Your assignment: Exactly as written, return all the data, leaving its pictures behind.

▬▬▬▬▬▬▬▬▬▬

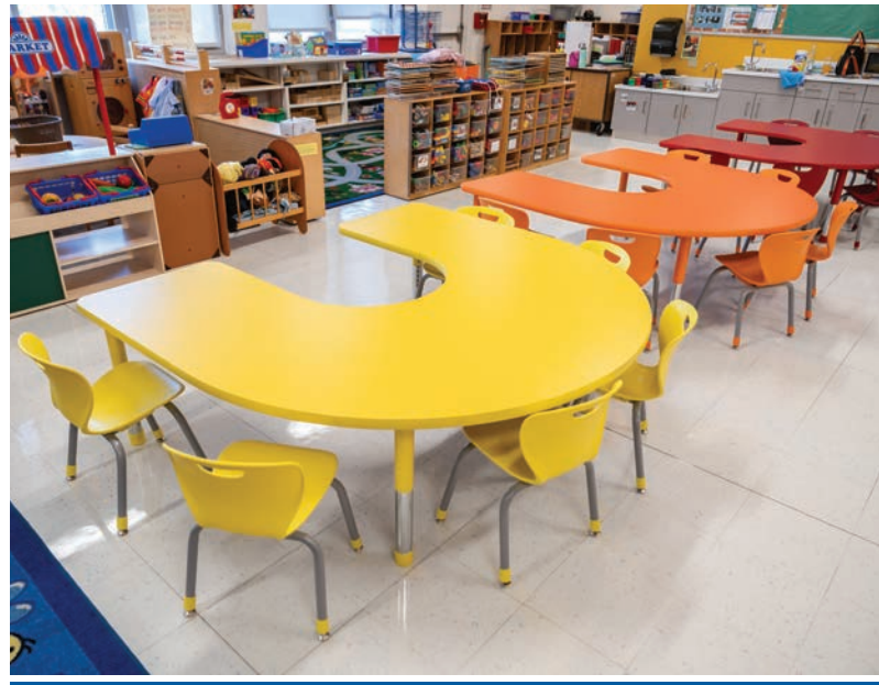
Laminate Tabletop: Primary Yellow, Clementine, and Holly Berry Edge Banding: Sunshine Yellow, Tangerine, and Primary Red
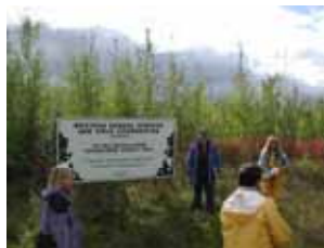
WESBOGY Tour—DMI Installations
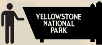
A national park sign
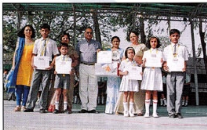
Students who bagged medals in procom.
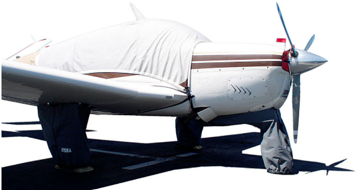
Beech Bonanza/Debonair/Baron Landing Gear Covers
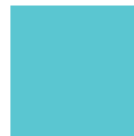
SKY BLUE PANTONE 325
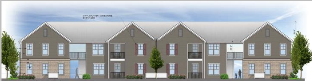
Building A Front Elevation 1/8" = 1'-0"
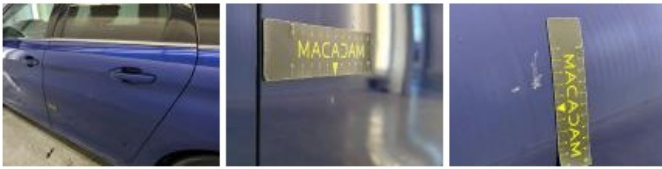
Door FL, Scratch(es), Repair and paint (complete)
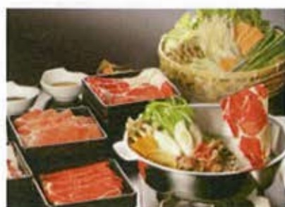
Shabu Shabu (sample)

Bus Fare, Kobe Beef Steak 100g, Mini salad, Rice, Soup included. Steak 150g: additional 3,000yen (Payment and reservation is on the day)
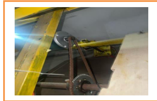
Fig.3 chain Drive
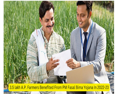
3.5 lakh A.P. Farmers Benefited From PM Fasal Bima Yojana In 2022-23
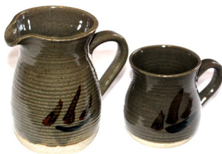
4. Galway Hooker
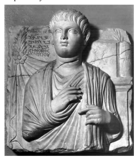
Figure 17: Zenobios–Zabdateh, The Archaeological Museum of Palmyra (after Tanabe 1986: Pl. 290; Sadurska and Bounni 1994: fig. 91; Sokołowski 2014: fig. 2).

The number of iconographic variations of writing tools combined with information provided by Greek and Palmyrene scripts is indeed impressive in the case of Palmyra. They seem to have been addressing several codes that were locally recognized. These codes were undeniably partly independent from the outside and partly connected with communications from the outer
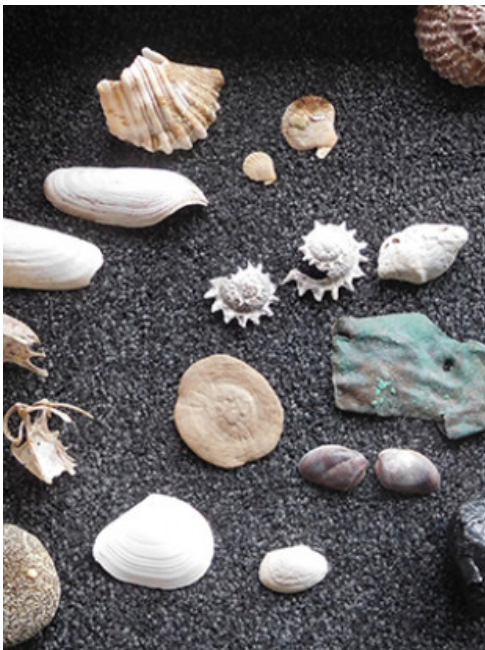
Some beach treasures
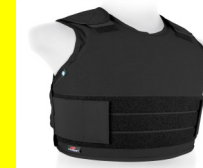
Bullet Proof Vests
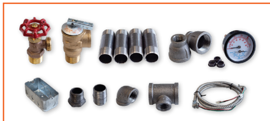
Included Parts Kit
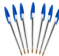
Ballpoint Pens Medium Blue
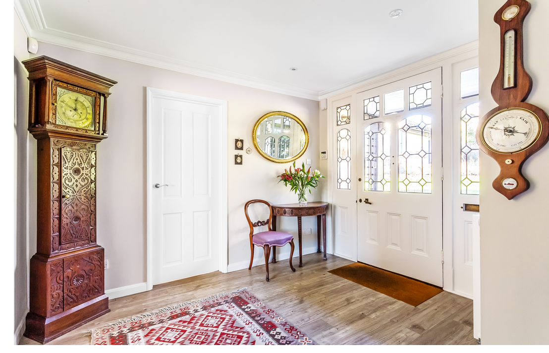
The Garden House, Brasted Chart, Brasted, Kent TN16 1LW £1,850,000 - Freehold
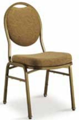
5357 - P
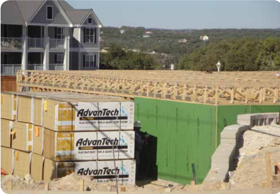
Hill Country Resort by Silverleaf Resorts Canyon Lake, TX
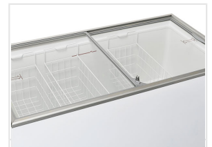
Top view of the unit
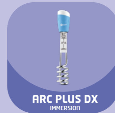
ARC PLUS DX IMMERSION
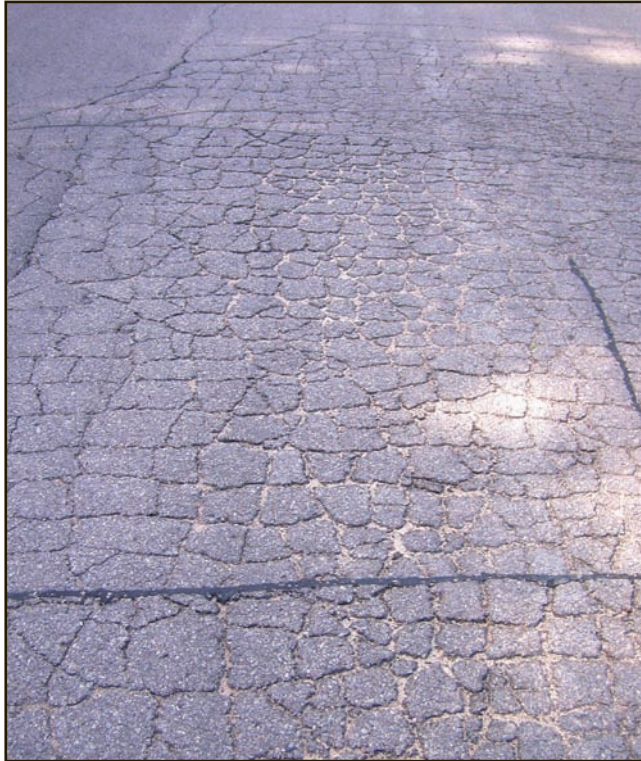
Figure 8. High alligator cracking is a network of cracks that have formed and grown into blocks. Areas where dense cracks have formed pump when loaded.
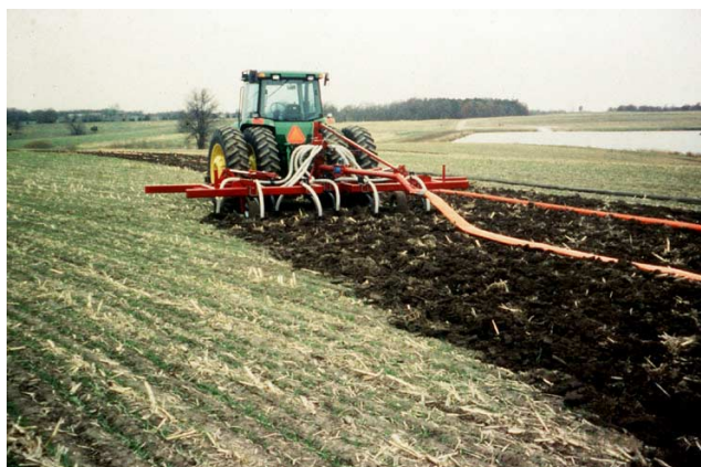
Figure 1. This hose-fed machine practically eliminates the odor from land application of liquid manure by injecting the manure into the soil.

Table 1 shows the buffer distances (the minimum distance between the nearest confinement building or lagoon and any public building or occupied residence) required by the Missouri Department of Natural Resources (MDNR).
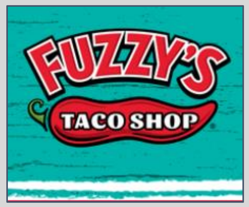
Fuzzy's Taco Shop 7425 W. Adams Ave Suite 100-120 Temple, Texas 76502
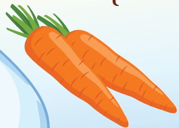
Carrot Nose: $1
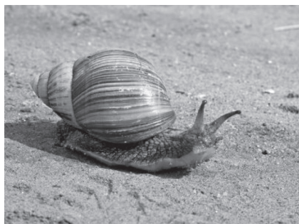
Giant African Land snail, Magnification x0.5

The student selected a snail (A) and placed it on a glass plate across which it was able to move. The student tapped the plate with a glass rod, next to the snail, causing the snail to stop moving and withdraw into its shell. The student recorded the time, in seconds, it took for the snail to re-emerge from its shell and start moving again.
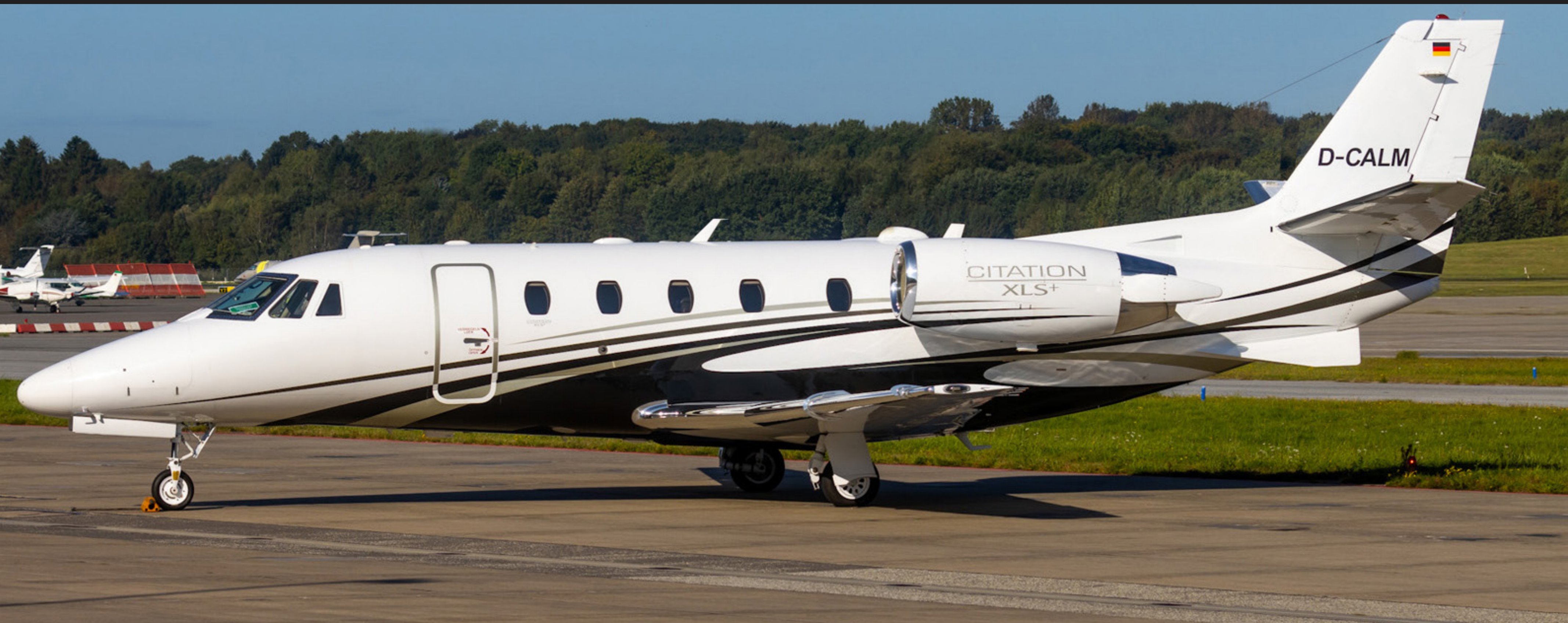
2012 Cessna Citation XLS+ SN 560XL-6129
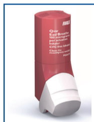
Qvar® Easi-Breathe beclometasone (aerosol)
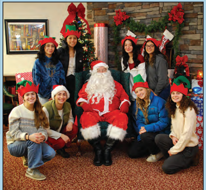
Santa with the Leo/Elves.
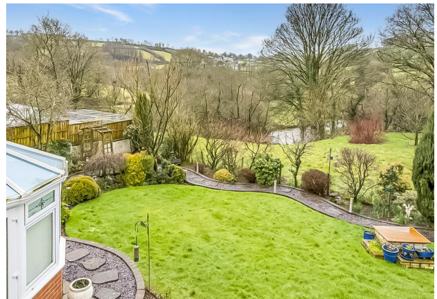
View From Master Bedroom
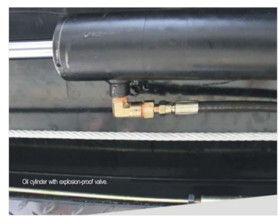
Cylinder with explosion-proof valve
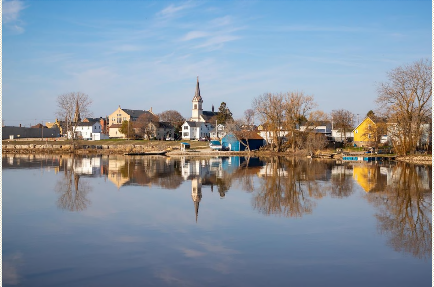
Friday morning, April 28, along the East Twin River
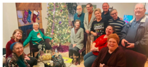
Merry Christmas from PFLAG Fort Worth

The purpose of HIV Cure Research Day is to raise “awareness about HIV cure research” and for “celebrating the efforts of researchers, advocates, and community members working towards finding a cure for HIV.” Read more here.
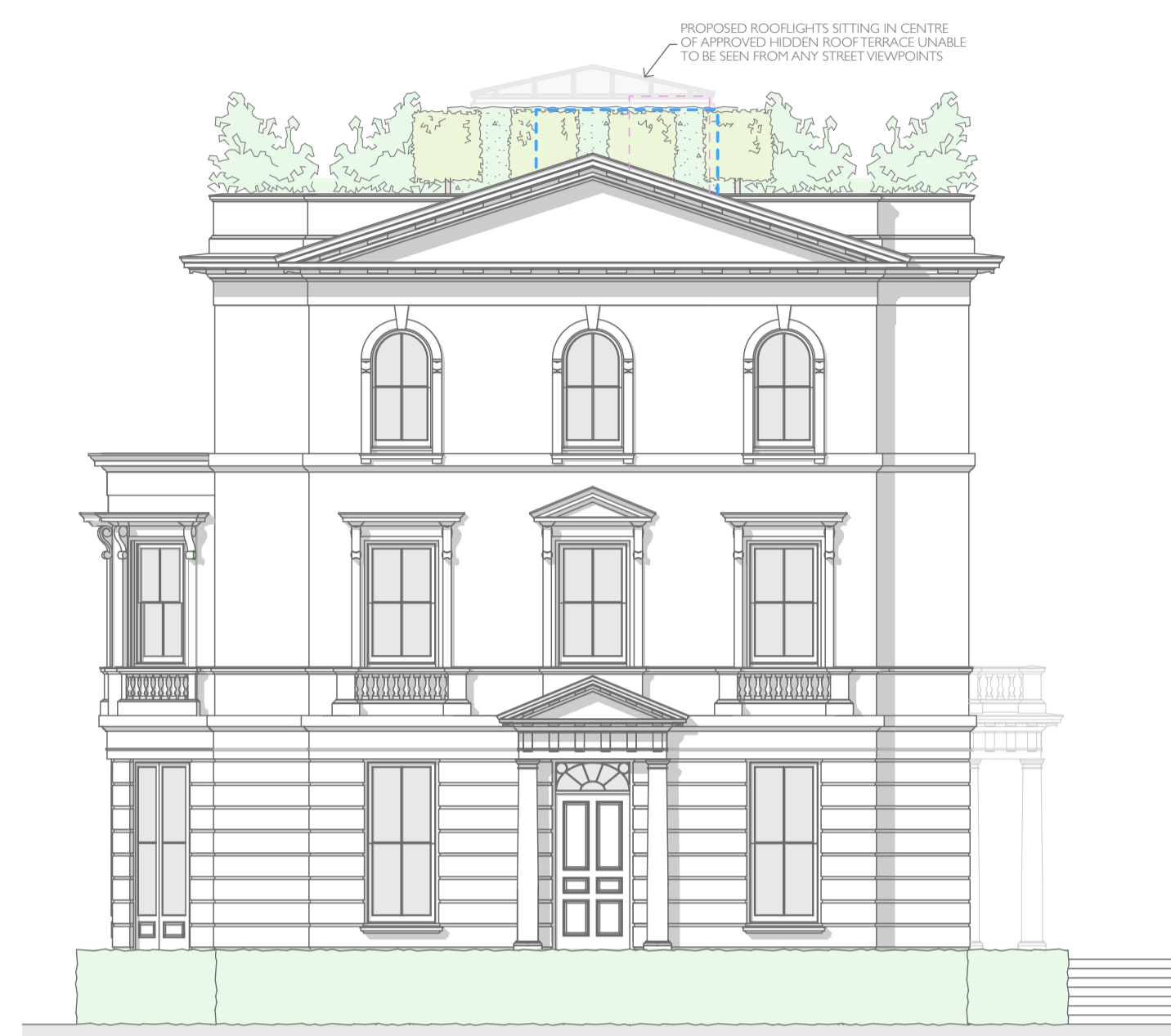
ELEVATION 2 WITH APPROVED PLANTING
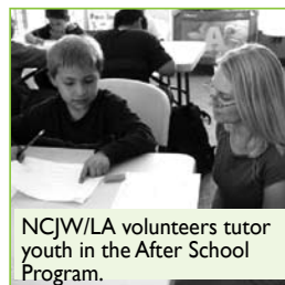
NCJW/LA volunteers tutor youth in the After School Program.
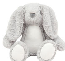
GREY BUNNY 20cm | 0+
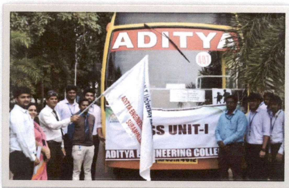
Starting from the college by bus
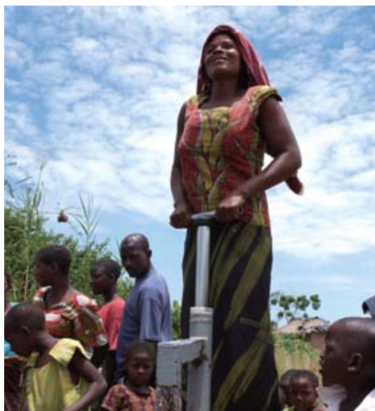
Community people using new wells

people keep using the water from Lake Victoria which is already contaminated with schistosomiasis. One dose of anthelmintic will not be able to exterminate schistosomiasis; therefore it has to be resolved through its fundamental problem. GN Tanzania cooperated with local representatives, schools, and Tanzanian government to give out anthelmintic and worked on to assist 7 million NTD infectious people back to health. There has been an effort made to lower the schistosomiasis infection rate from 50% to 10% by 2013. In
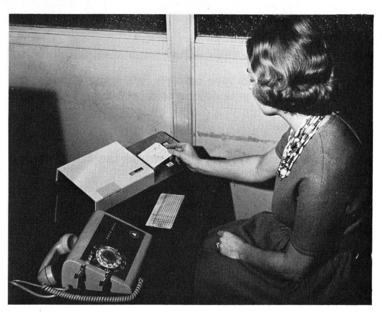
10 IBM 1001 DATA TRANSMISSION UNITS connected to a coast-to-coast private wire network provide punched card order input data.

If one of the items ordered falls below the reorder point, a work order or a purchase request is produced, depending on whether the item is made in the plant or bought on the outside. In a typical transaction of this type, the 1410 may undertake up to four operations, checking first to determine whether the item has fallen below the minimum point, whether semi-finished shelf stock needed to make the part will fall below the minimum as a result, and, if so, exactly how much material should be ordered.
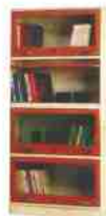
VE - 115
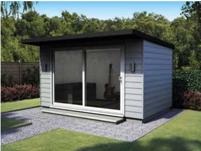
Patio Door with cladding in Moondust Grey

All our Kyube Buildings come with 100mm cavity wall insulation and an insulated steel roof. Added to the interior finishes, this gives you a garden building solution which is ready to go from day one.
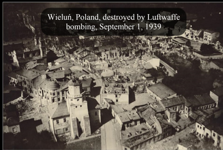
The German invasion of Poland
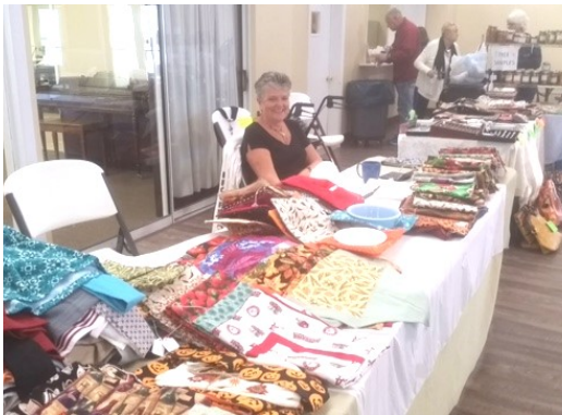
Vendors bring a wide variety of items.
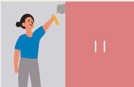
Spray insecticide in dark corners around the house.

Protect yourself and your employer's family from Dengue, especially if you are living in a dengue cluster, with the following steps:
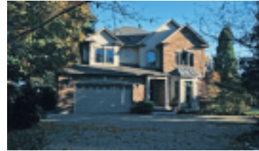
SUPERB HOME ON GOLF COURSE LOT $975,000
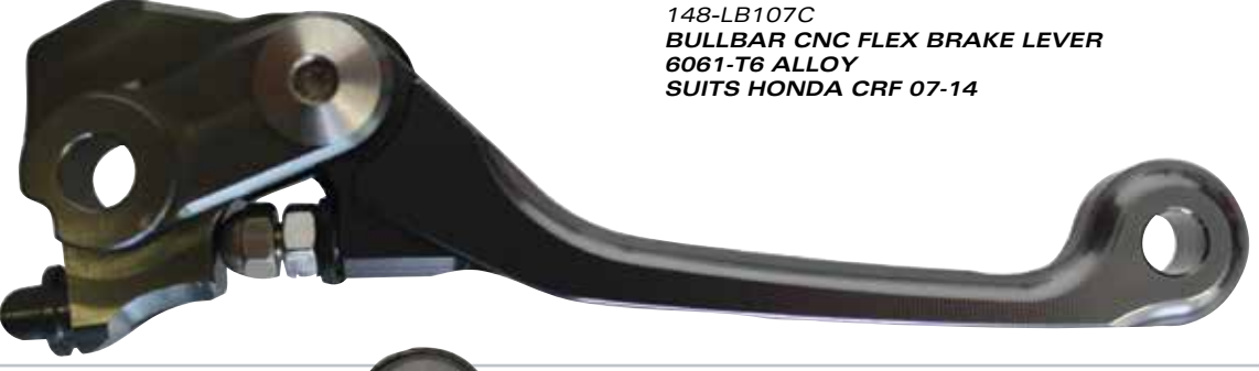
148-LB107C BULLBAR CNC FLEX BRAKE LEVER 6061-T6 ALLOY SUITS HONDA CRF 07-14

▬▬▬▬▬▬▬▬▬▬

Task solution:
Laminate Tabletop: Primary Yellow, Clementine, and Holly Berry Edge Banding: Sunshine Yellow, Tangerine, and Primary Red
WESBOGY Tour—DMI Installations
A national park sign
Students who bagged medals in procom.
Beech Bonanza/Debonair/Baron Landing Gear Covers
SKY BLUE PANTONE 325
Building A Front Elevation 1/8" = 1'-0"
Door FL, Scratch(es), Repair and paint (complete)
Shabu Shabu (sample)

Bus Fare, Kobe Beef Steak 100g, Mini salad, Rice, Soup included. Steak 150g: additional 3,000yen (Payment and reservation is on the day)
Fig.3 chain Drive
3.5 lakh A.P. Farmers Benefited From PM Fasal Bima Yojana In 2022-23
4. Galway Hooker
Figure 17: Zenobios–Zabdateh, The Archaeological Museum of Palmyra (after Tanabe 1986: Pl. 290; Sadurska and Bounni 1994: fig. 91; Sokołowski 2014: fig. 2).

The number of iconographic variations of writing tools combined with information provided by Greek and Palmyrene scripts is indeed impressive in the case of Palmyra. They seem to have been addressing several codes that were locally recognized. These codes were undeniably partly independent from the outside and partly connected with communications from the outer
Some beach treasures
Bullet Proof Vests
Included Parts Kit
Ballpoint Pens Medium Blue
The Garden House, Brasted Chart, Brasted, Kent TN16 1LW £1,850,000 - Freehold
5357 - P
Hill Country Resort by Silverleaf Resorts Canyon Lake, TX
Top view of the unit
ARC PLUS DX IMMERSION
Figure 8. High alligator cracking is a network of cracks that have formed and grown into blocks. Areas where dense cracks have formed pump when loaded.
Figure 1. This hose-fed machine practically eliminates the odor from land application of liquid manure by injecting the manure into the soil.

Table 1 shows the buffer distances (the minimum distance between the nearest confinement building or lagoon and any public building or occupied residence) required by the Missouri Department of Natural Resources (MDNR).
Fuzzy's Taco Shop 7425 W. Adams Ave Suite 100-120 Temple, Texas 76502
Carrot Nose: $1
Giant African Land snail, Magnification x0.5

The student selected a snail (A) and placed it on a glass plate across which it was able to move. The student tapped the plate with a glass rod, next to the snail, causing the snail to stop moving and withdraw into its shell. The student recorded the time, in seconds, it took for the snail to re-emerge from its shell and start moving again.
2012 Cessna Citation XLS+ SN 560XL-6129
Qvar® Easi-Breathe beclometasone (aerosol)
Santa with the Leo/Elves.
View From Master Bedroom
Cylinder with explosion-proof valve
Friday morning, April 28, along the East Twin River
Merry Christmas from PFLAG Fort Worth

The purpose of HIV Cure Research Day is to raise “awareness about HIV cure research” and for “celebrating the efforts of researchers, advocates, and community members working towards finding a cure for HIV.” Read more here.
ELEVATION 2 WITH APPROVED PLANTING
NCJW/LA volunteers tutor youth in the After School Program.
GREY BUNNY 20cm | 0+
Starting from the college by bus
Community people using new wells

people keep using the water from Lake Victoria which is already contaminated with schistosomiasis. One dose of anthelmintic will not be able to exterminate schistosomiasis; therefore it has to be resolved through its fundamental problem. GN Tanzania cooperated with local representatives, schools, and Tanzanian government to give out anthelmintic and worked on to assist 7 million NTD infectious people back to health. There has been an effort made to lower the schistosomiasis infection rate from 50% to 10% by 2013. In
10 IBM 1001 DATA TRANSMISSION UNITS connected to a coast-to-coast private wire network provide punched card order input data.

If one of the items ordered falls below the reorder point, a work order or a purchase request is produced, depending on whether the item is made in the plant or bought on the outside. In a typical transaction of this type, the 1410 may undertake up to four operations, checking first to determine whether the item has fallen below the minimum point, whether semi-finished shelf stock needed to make the part will fall below the minimum as a result, and, if so, exactly how much material should be ordered.
VE - 115
Patio Door with cladding in Moondust Grey

All our Kyube Buildings come with 100mm cavity wall insulation and an insulated steel roof. Added to the interior finishes, this gives you a garden building solution which is ready to go from day one.
The German invasion of Poland
Vendors bring a wide variety of items.
Spray insecticide in dark corners around the house.

Protect yourself and your employer's family from Dengue, especially if you are living in a dengue cluster, with the following steps:
SUPERB HOME ON GOLF COURSE LOT $975,000
148-LB107C BULLBAR CNC FLEX BRAKE LEVER 6061-T6 ALLOY SUITS HONDA CRF 07-14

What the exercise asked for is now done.